*Exercise*.
Each line below must be set down exactly; omit any image you find.

*Supplied information*.
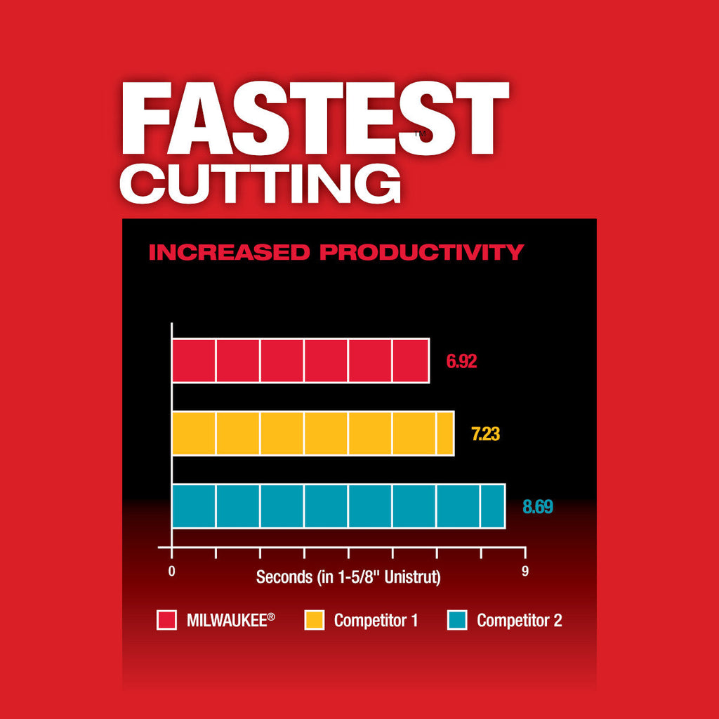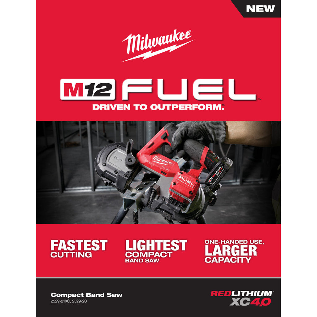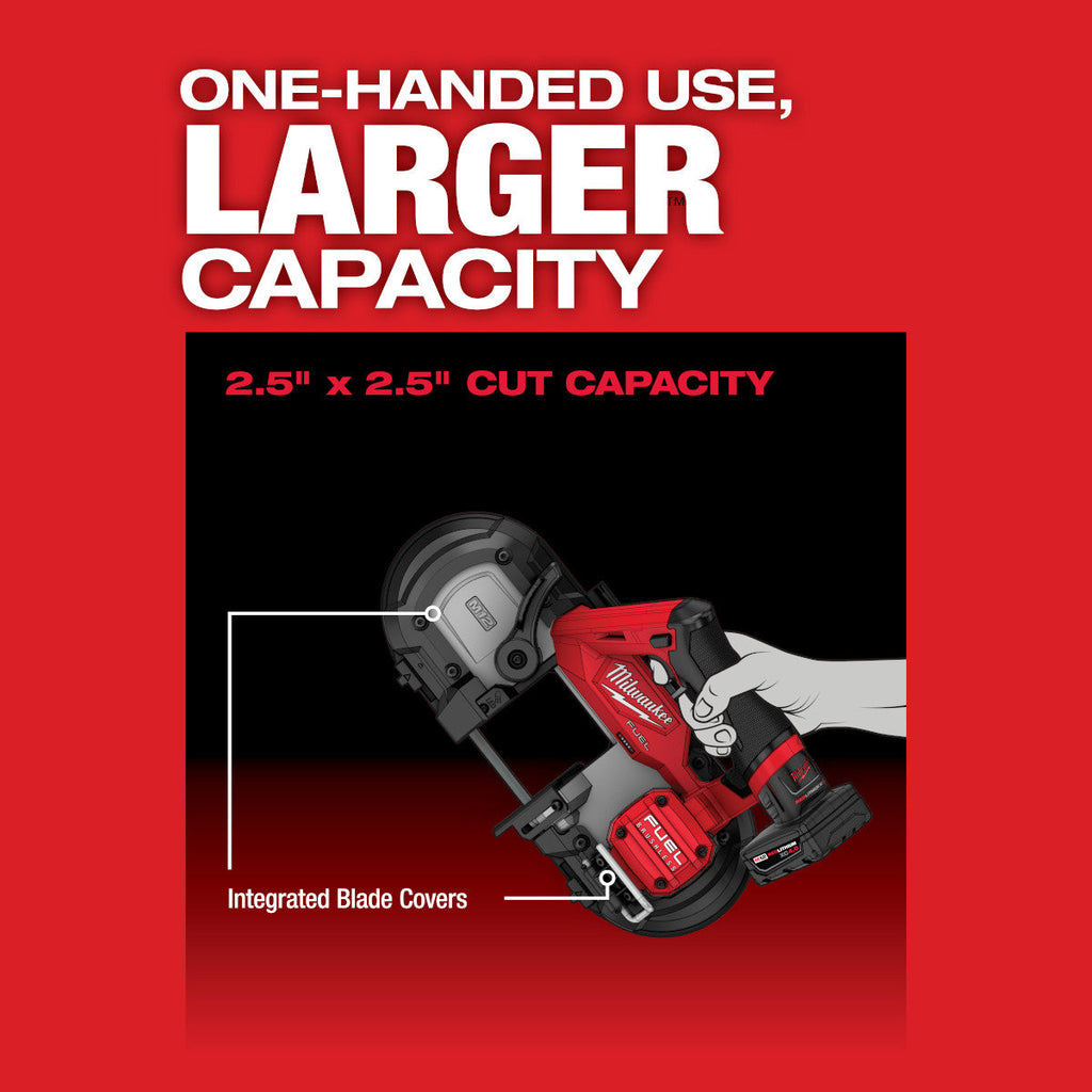 The MILWAUKEE® M12 FUEL™ Compact Band Saw utilizes a POWERSTATE™ Brushless Motor and Constant Power Technology™, making it the fastest cutting compact band saw in Unistrut with a cut capacity of 2-1/2” X 2-1/2”. The M12 FUEL™ Compact Band Saw offers a compact design and weighs only six pounds, making it the lightest compact band saw on the market. The M12 FUEL™ Compact Band Saw offers integrated blade covers, making it suitable for one-handed use while offering a larger capacity than the existing M12™ Sub-Compact Band Saw. The improved performance, lightweight design, one-handed capability, and increased capacity enhance productivity while lowering fatigue. The compact, portable band saw is equipped with Jobsite Armor Technology™, a proprietary composite material to better protect it from drops and debris and crush zone barriers that absorb impacts. A variable speed trigger and an LED work light provide maximum control. An integrated rafter hook allows for easy storage in-between cuts. The M12 FUEL™ Compact Band Saw is also compatible with the band saw reamer attachment (49-90-2029, sold separately), which easily attaches to the back of the tool, providing the ability to cut and ream with the same tool. One 12/14 TPI Extreme Metal Blade is included.
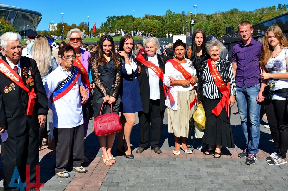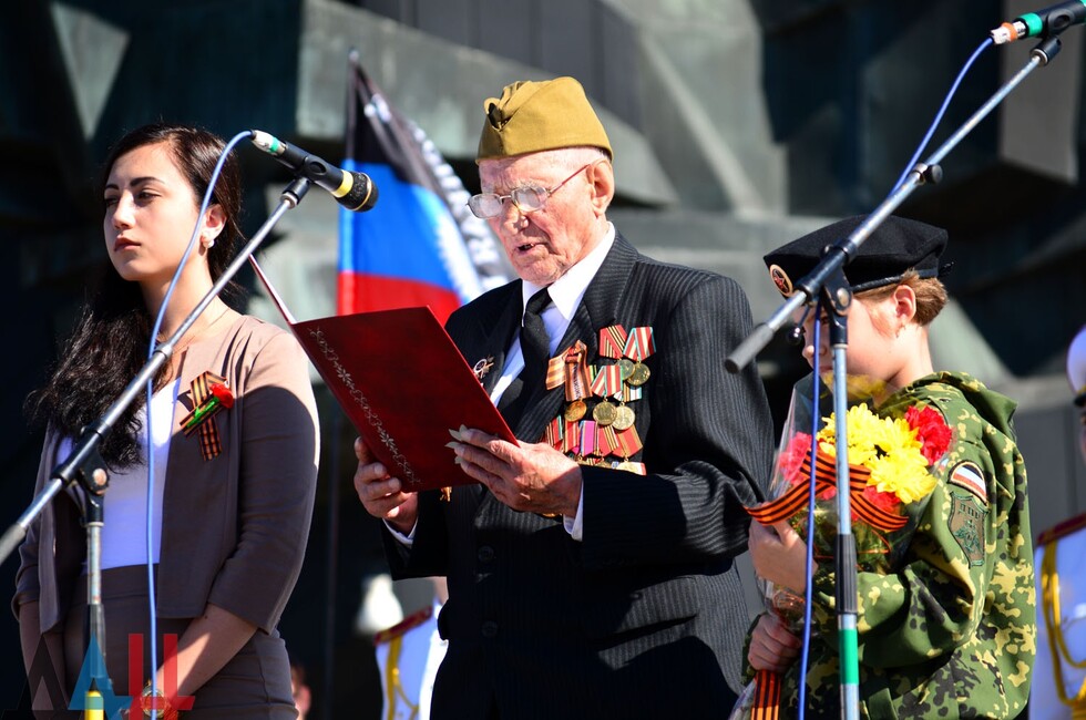«Сегодня день, когда мы одновременно склоняем наши головы в память о тех, кто ценой собственных жизней отстоял Родину, и поздравляем тех, кто выжил и сегодня находится рядом с нами. Благодаря этим людям мы с вами улыбаемся, живем полной жизнью и строим планы на будущее. И наш долг передать подвиг героев своим потомкам», - сказала жительница Донецка Елена.
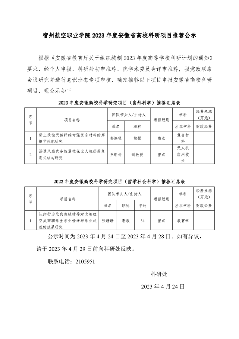 彩神Vll学院2023年度安徽省高校科研项目推荐公示
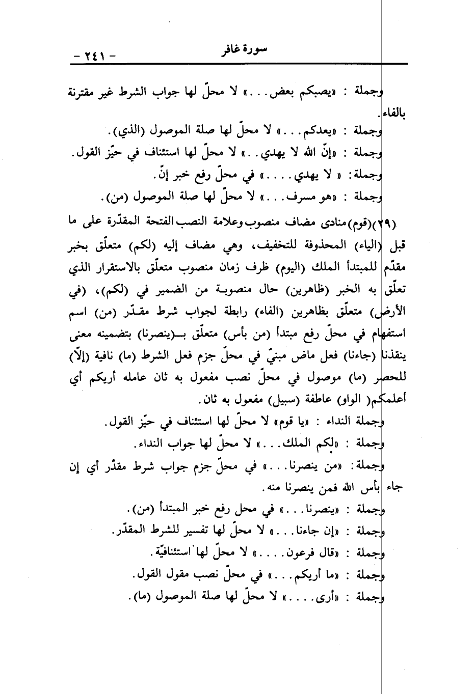 (الذين) موصول في إعرابه عدّة وجوه: الأول: في محلّ جرّ نعت للظالمين. الثاني: في محلّ رفع بدل من (الذين) المتقدّم. الثالث: في محلّ رفع خبر لمبتدأ محذوف وجوبا على الذمّ تقديره هم «1» . الرابع:

*Result of this exercise*.
 The MILWAUKEE® M12 FUEL™ Compact Band Saw utilizes a POWERSTATE™ Brushless Motor and Constant Power Technology™, making it the fastest cutting compact band saw in Unistrut with a cut capacity of 2-1/2” X 2-1/2”. The M12 FUEL™ Compact Band Saw offers a compact design and weighs only six pounds, making it the lightest compact band saw on the market. The M12 FUEL™ Compact Band Saw offers integrated blade covers, making it suitable for one-handed use while offering a larger capacity than the existing M12™ Sub-Compact Band Saw. The improved performance, lightweight design, one-handed capability, and increased capacity enhance productivity while lowering fatigue. The compact, portable band saw is equipped with Jobsite Armor Technology™, a proprietary composite material to better protect it from drops and debris and crush zone barriers that absorb impacts. A variable speed trigger and an LED work light provide maximum control. An integrated rafter hook allows for easy storage in-between cuts. The M12 FUEL™ Compact Band Saw is also compatible with the band saw reamer attachment (49-90-2029, sold separately), which easily attaches to the back of the tool, providing the ability to cut and ream with the same tool. One 12/14 TPI Extreme Metal Blade is included.
«Сегодня день, когда мы одновременно склоняем наши головы в память о тех, кто ценой собственных жизней отстоял Родину, и поздравляем тех, кто выжил и сегодня находится рядом с нами. Благодаря этим людям мы с вами улыбаемся, живем полной жизнью и строим планы на будущее. И наш долг передать подвиг героев своим потомкам», - сказала жительница Донецка Елена.
 彩神Vll学院2023年度安徽省高校科研项目推荐公示
 (الذين) موصول في إعرابه عدّة وجوه: الأول: في محلّ جرّ نعت للظالمين. الثاني: في محلّ رفع بدل من (الذين) المتقدّم. الثالث: في محلّ رفع خبر لمبتدأ محذوف وجوبا على الذمّ تقديره هم «1» . الرابع:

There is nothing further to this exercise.